Did you have Windows 10 as an upgrade before you did your clean install of Windows 10? or was there 7 or 8/8.1 on there before?
If you had 10 before the clean install maybe you had it from an upgrade? would explain why it worked as Microsoft may have preserved the use of some of those older drivers or applied a working generic driver. In this case you want to consider going back to 8 or 7 (which ever was before your Windows 10 upgrade) then maybe run the Windows 10 installation again as upgrade of existing system instead of clean. If you end up doing it this way make sure your pre-Windows 10 system (7/8) has all its drivers/updates done before doing it.

*The second option in the image above is what I was referencing*
Also if you really wanted to stick with what you got there is a chance you can hunt down the media keys driver issue in Device Manager:
Try to see if you can flag it somewhere in:
- System Devices
- Sound, Video and Game controllers
- Audio inputs and outputs
It won't be the sound card you're looking for, it will look like maybe a generic name of some sort for "Media or sound" related.
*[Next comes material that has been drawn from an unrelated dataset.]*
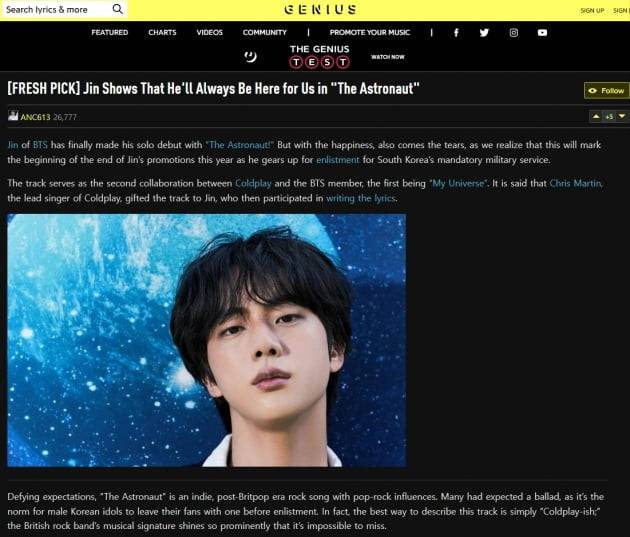 최근, 미국 디지털 음악 매체 지니어스의 '지니어스 코리아'는 "The Astronaut으로 우리와 영원을 함께 할것을 알린 진"라는 제목의 기사를 게재하며 노래 속 담긴 진의 마음과 메세지에 집중했다.

I can't be too sure on this to be honest but basically if you find a device in device manager related to sound or media controls that has like (!) on it or anything like "Generic" you can try:
- Right click on the device
- Properties
- Details
- Drop down: Select "Hardware IDs" (Example of the IDs "MMDEVAPI\AudioEndpoints" OR "HDAUDIO\FUNC_01&VEN_10EC&DEV_0892&SUBSYS_10438436&REV_1003")
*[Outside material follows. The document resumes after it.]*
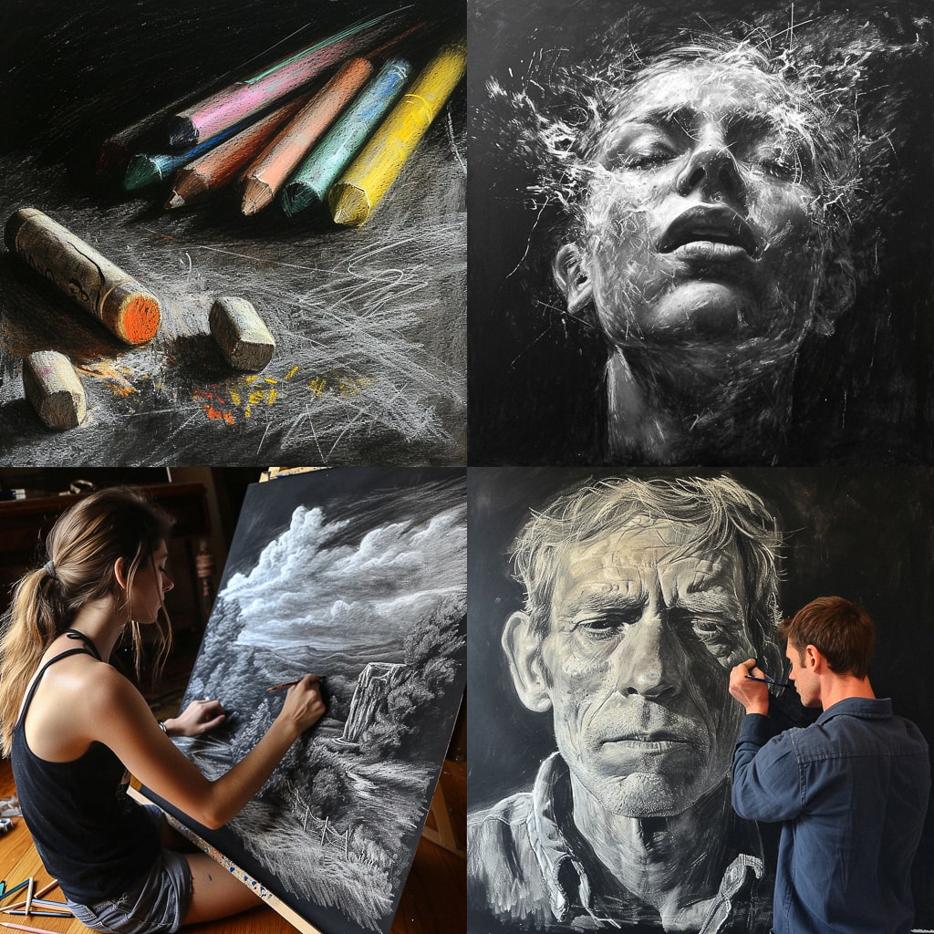 Художники, работающие в этой технике, могут создавать как детальные и проработанные композиции, так и более свободные и экспрессивные работы. Chalk drawing подходит для различных жанров, включая пейзаж, портрет и натюрморт. Эта техника позволяет художнику экспериментировать с текстурами и цветами, придавая каждому произведению индивидуальность и уникальность.

- Copy the first result (You can right click on a ID then "Copy")
With the hardware ID you can drop it into google to do research to find out #1 WHO makes the device #2 what is the MODEL... Then make sure you take that information and enter it into the valid support site for that device.
Bad example: "Driverdownloads.com" or "Driversupport.com"
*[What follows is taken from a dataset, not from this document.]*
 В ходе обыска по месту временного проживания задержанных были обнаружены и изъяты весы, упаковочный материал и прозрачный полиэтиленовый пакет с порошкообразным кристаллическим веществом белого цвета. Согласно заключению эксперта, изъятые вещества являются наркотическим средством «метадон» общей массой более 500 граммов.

Valid site for a device by make: "http://www.realtek.com.tw/downloads/" or "http://support.toshiba.com/drivers"
Bottom line if you can pinpoint the media control driver and find the root of the making company you may have a resource from them to download a version of the driver that may work with Windows 10... I've helped clients in the past with a similar task that works but very rarely it will as some devices just stop supporting new OS drivers to a certain point.